A Makefile serves as executable documentation of what your project does. Like any text file it's easy to track changes in source control.

Creating your pipeline as a sequence of make targets also naturally drives your pipelines to be modular - encouraging good functional decomposition of shell or Python scripts.

Central Execution

A Makefile tightly integrates with the shell. We can easily configure variables at runtime via either shell environment variables or via command line arguments.

The Makefile below has two variables - NAME and COUNTRY:

Makefile | makefile
.PHONY: all

all:
    echo "$(NAME) is from $(COUNTRY)"

We can set variables using two different methods:

  1. EXPORT name=adam - setting our variable NAME by to a shell environment variable,
  2. COUNTRY=NZ - our COUNTRY variable by an argument passed to the make command.
shell-session
$ export NAME=adam; make COUNTRY=NZ 
echo "$(NAME) is from $(COUNTRY)"
adam is from nz

We can also assign the output values of shell commands using:

makefile
VAR = $(shell echo value)

Intelligent Re-Execution

We have already seen the functionality of intelligent pipeline re-execution - it's a powerful way to not re-run code that doesn't need to run.

make uses timestamps on files to track what to re-run (or not re-run) - it won't re-run code that has already been run and will re-run if dependencies of the target change.

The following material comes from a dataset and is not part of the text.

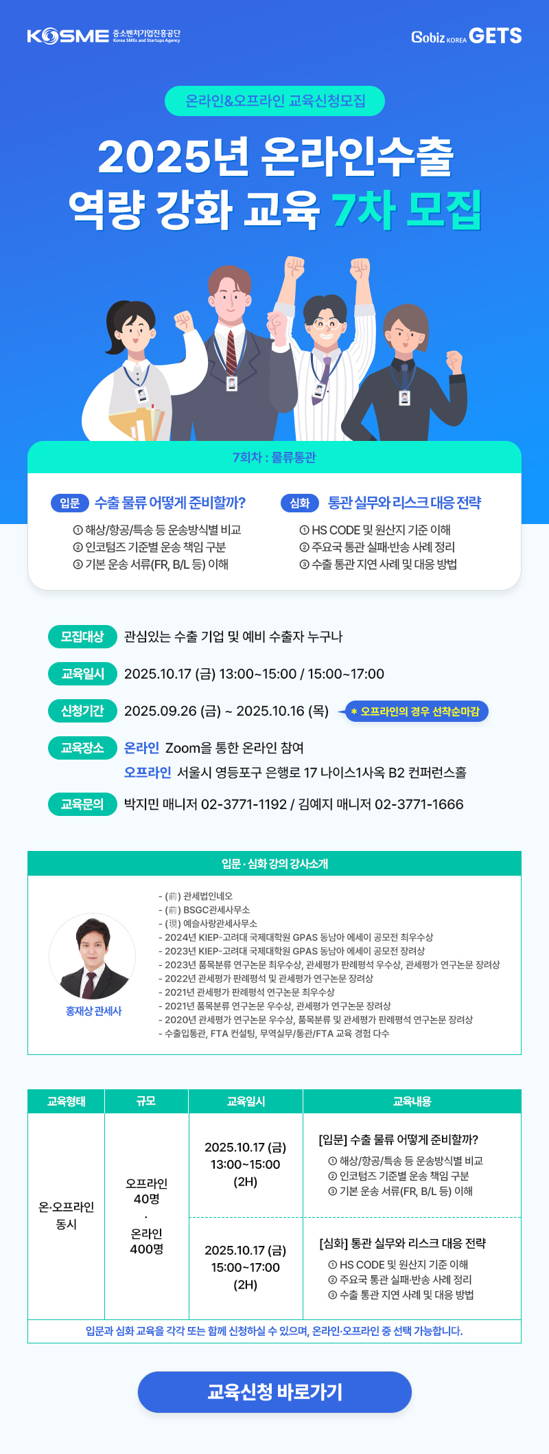 [유관기관 소식] [중소벤처기업진흥공단] 2025년 온라인수출 역량 강화 교육 (7차) 안내
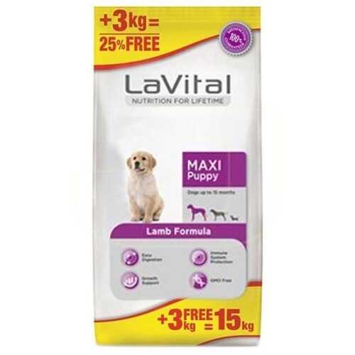 LaVital Kuzu Etli Büyük Irk Yavru Köpek Maması, 2 ila 15 ay arası büyük ırk yavru köpeklerin büyüme dönemindeki özel besin ihtiyaçlarını karşılamak üzere formüle edilmiştir. Sindirim sisteminin en hassas olduğu bu dönemde, bağırsak florasını destekleyen prebiyotik içeriği ile sağlıklı bir sindirimi destekler. DHA ve EPA bakımından zengin içeriğiyle bağışıklık sistemini güçlendirirken, büyüme sürecini destekleyen kaliteli proteinlerle sağlıklı gelişimi teşvik eder.

This can save you lots of time - not rerunning that expensive data ingestion and cleaning step when you are working on model selection.

2. What is a Makefile?

A Makefile has three components:

  1. targets - files you are trying to make or a PHONY target,
  2. dependencies - targets that need to be run before a target,
  3. a workflow - a sequence of TAB separated steps.
makefile
target: dependencies
    echo "any shell command"

Targets and Dependencies

Much of the power of a Makefile comes from being able to introduce dependencies between targets.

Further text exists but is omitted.